▸ Work instruction:
Pictures are to be excluded. Please print only the lines from the one containing "Vital Blood Boost" through the end of the data, exactly as they appear.

▸ Material provided:
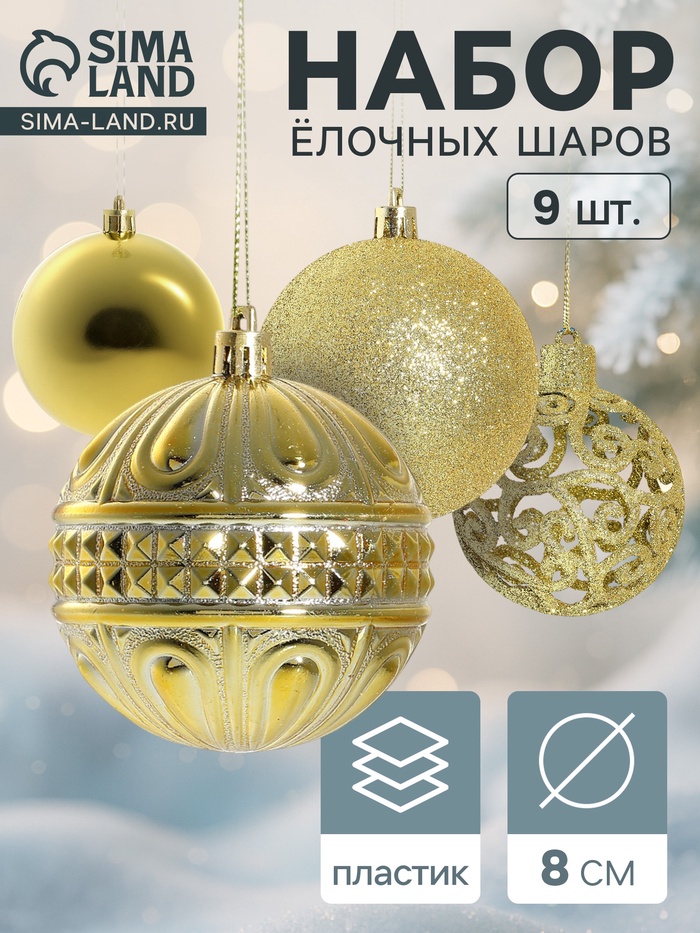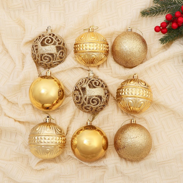 Эти шары созданы для тех, кто ценит стиль без излишеств. Резные узоры отражают свет, создавая мягкие блики, а золотистый оттенок наполняет дом тёплым сиянием. Украшение ёлки превращается в процесс, который радует глаз и душу — каждая игрушка на месте, всё говорит о празднике спокойно, но ясно.
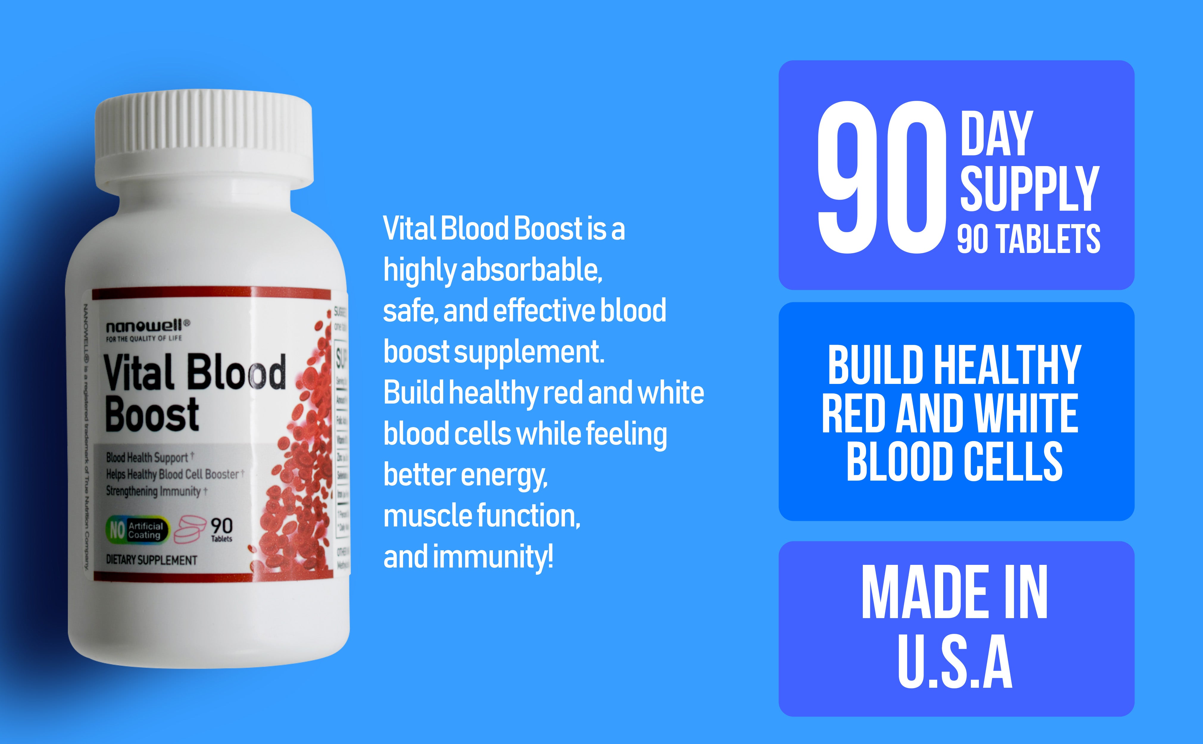 Vital Blood Boost is a highly absorbable, safe, and effective blood boost supplement. Feel better energy, muscle function, and immunity!
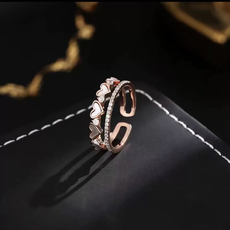 Korean New Women's Love Shell Ring Japanese-style Double-layer Ring Opening Adjustable Full Zircon

▸ Task response:
 Vital Blood Boost is a highly absorbable, safe, and effective blood boost supplement. Feel better energy, muscle function, and immunity!
 Korean New Women's Love Shell Ring Japanese-style Double-layer Ring Opening Adjustable Full Zircon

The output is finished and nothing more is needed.